#### [Exercise]
Every line below must come back exactly as it stands, with the images omitted.

#### [Dataset content]
Content starts
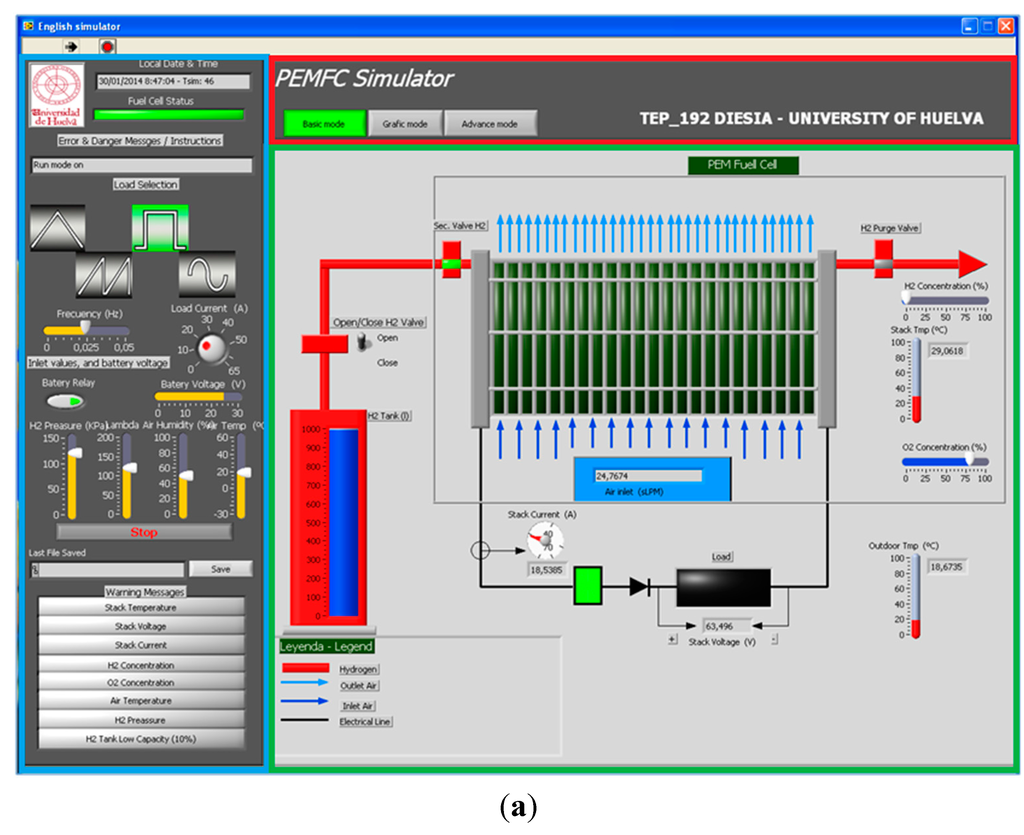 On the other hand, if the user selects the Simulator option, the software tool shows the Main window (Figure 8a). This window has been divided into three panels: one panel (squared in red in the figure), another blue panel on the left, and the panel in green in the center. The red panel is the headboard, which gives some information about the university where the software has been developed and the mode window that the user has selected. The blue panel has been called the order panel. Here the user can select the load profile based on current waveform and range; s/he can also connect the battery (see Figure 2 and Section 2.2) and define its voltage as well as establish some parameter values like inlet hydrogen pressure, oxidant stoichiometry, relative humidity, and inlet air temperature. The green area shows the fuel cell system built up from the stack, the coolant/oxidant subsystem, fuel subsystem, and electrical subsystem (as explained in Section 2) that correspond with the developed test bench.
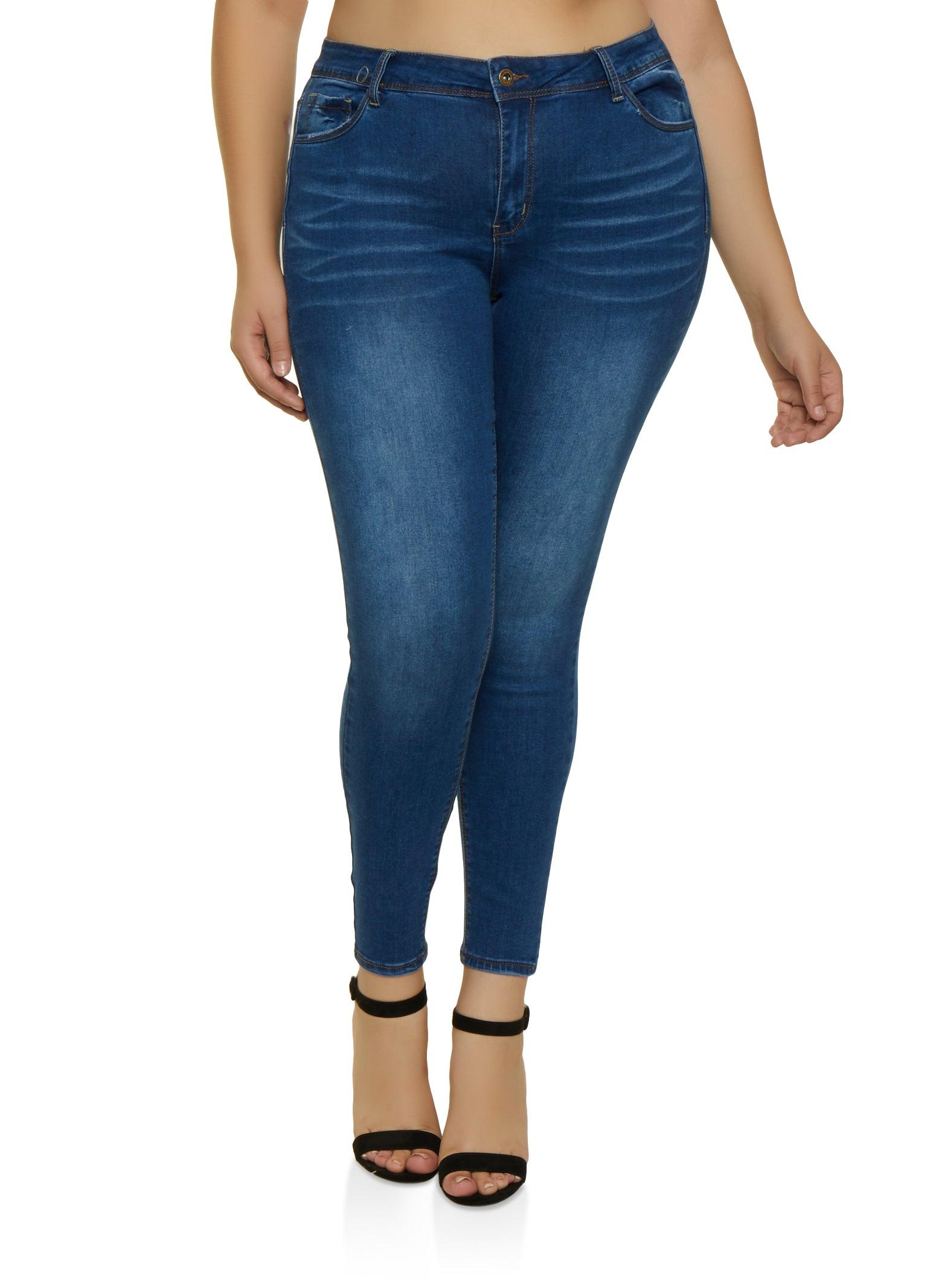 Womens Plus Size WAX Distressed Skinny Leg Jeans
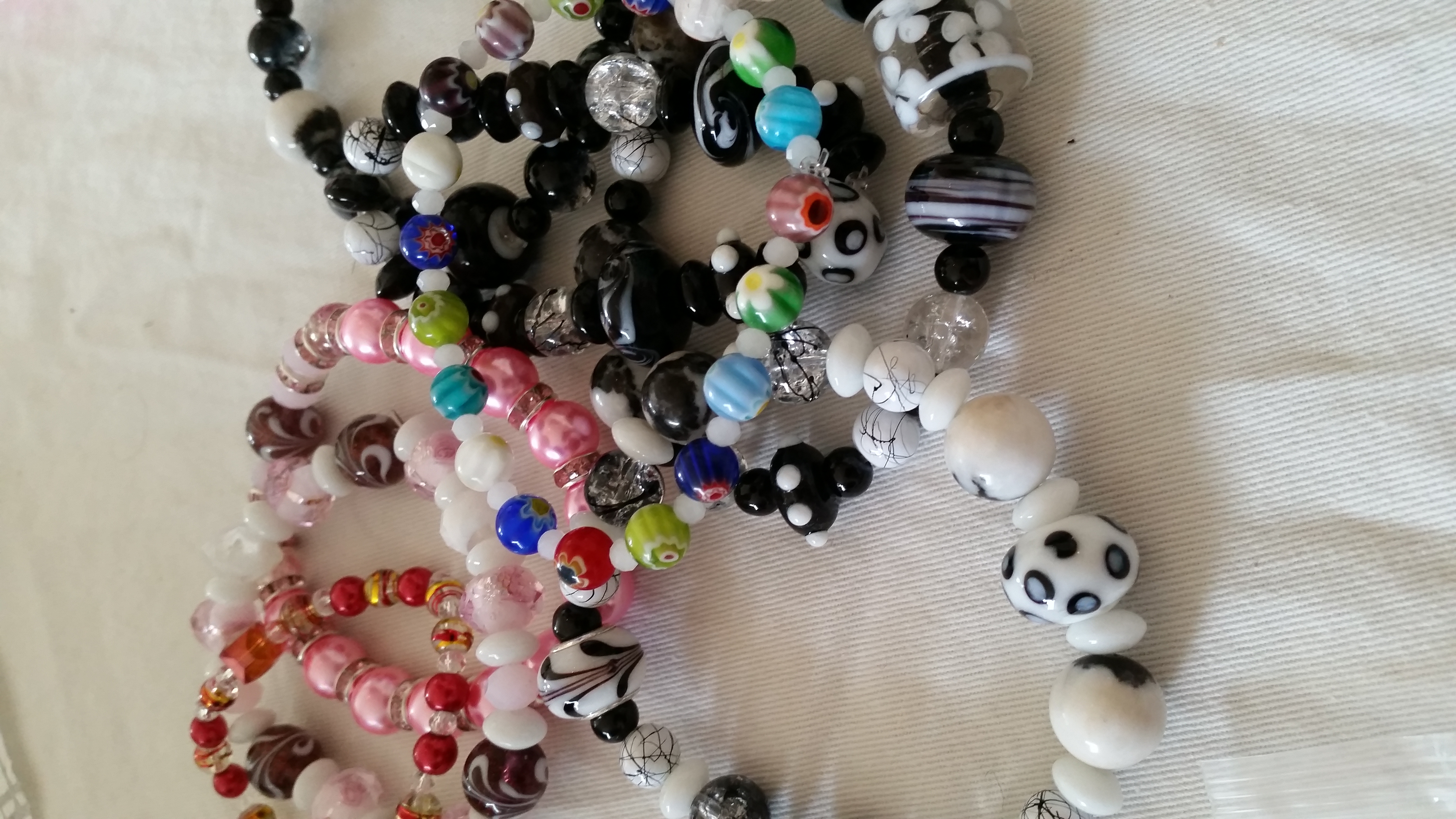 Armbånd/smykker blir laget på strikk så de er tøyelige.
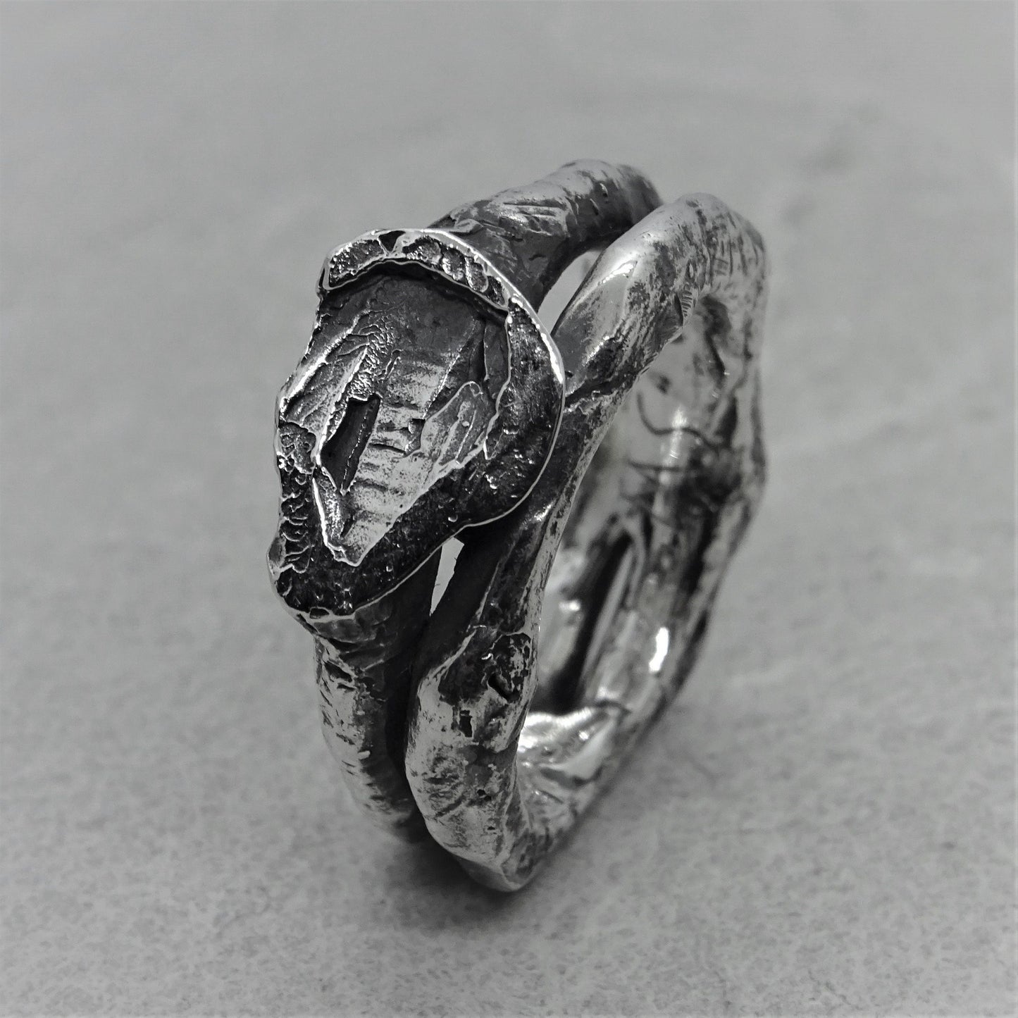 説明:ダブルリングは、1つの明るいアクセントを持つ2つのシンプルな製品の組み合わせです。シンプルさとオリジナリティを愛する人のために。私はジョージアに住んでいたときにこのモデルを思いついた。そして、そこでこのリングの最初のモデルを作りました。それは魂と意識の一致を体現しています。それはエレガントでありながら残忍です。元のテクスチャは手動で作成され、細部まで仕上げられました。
Content ends
#### [Exercise response]
 On the other hand, if the user selects the Simulator option, the software tool shows the Main window (Figure 8a). This window has been divided into three panels: one panel (squared in red in the figure), another blue panel on the left, and the panel in green in the center. The red panel is the headboard, which gives some information about the university where the software has been developed and the mode window that the user has selected. The blue panel has been called the order panel. Here the user can select the load profile based on current waveform and range; s/he can also connect the battery (see Figure 2 and Section 2.2) and define its voltage as well as establish some parameter values like inlet hydrogen pressure, oxidant stoichiometry, relative humidity, and inlet air temperature. The green area shows the fuel cell system built up from the stack, the coolant/oxidant subsystem, fuel subsystem, and electrical subsystem (as explained in Section 2) that correspond with the developed test bench.
 Womens Plus Size WAX Distressed Skinny Leg Jeans
 Armbånd/smykker blir laget på strikk så de er tøyelige.
 説明:ダブルリングは、1つの明るいアクセントを持つ2つのシンプルな製品の組み合わせです。シンプルさとオリジナリティを愛する人のために。私はジョージアに住んでいたときにこのモデルを思いついた。そして、そこでこのリングの最初のモデルを作りました。それは魂と意識の一致を体現しています。それはエレガントでありながら残忍です。元のテクスチャは手動で作成され、細部まで仕上げられました。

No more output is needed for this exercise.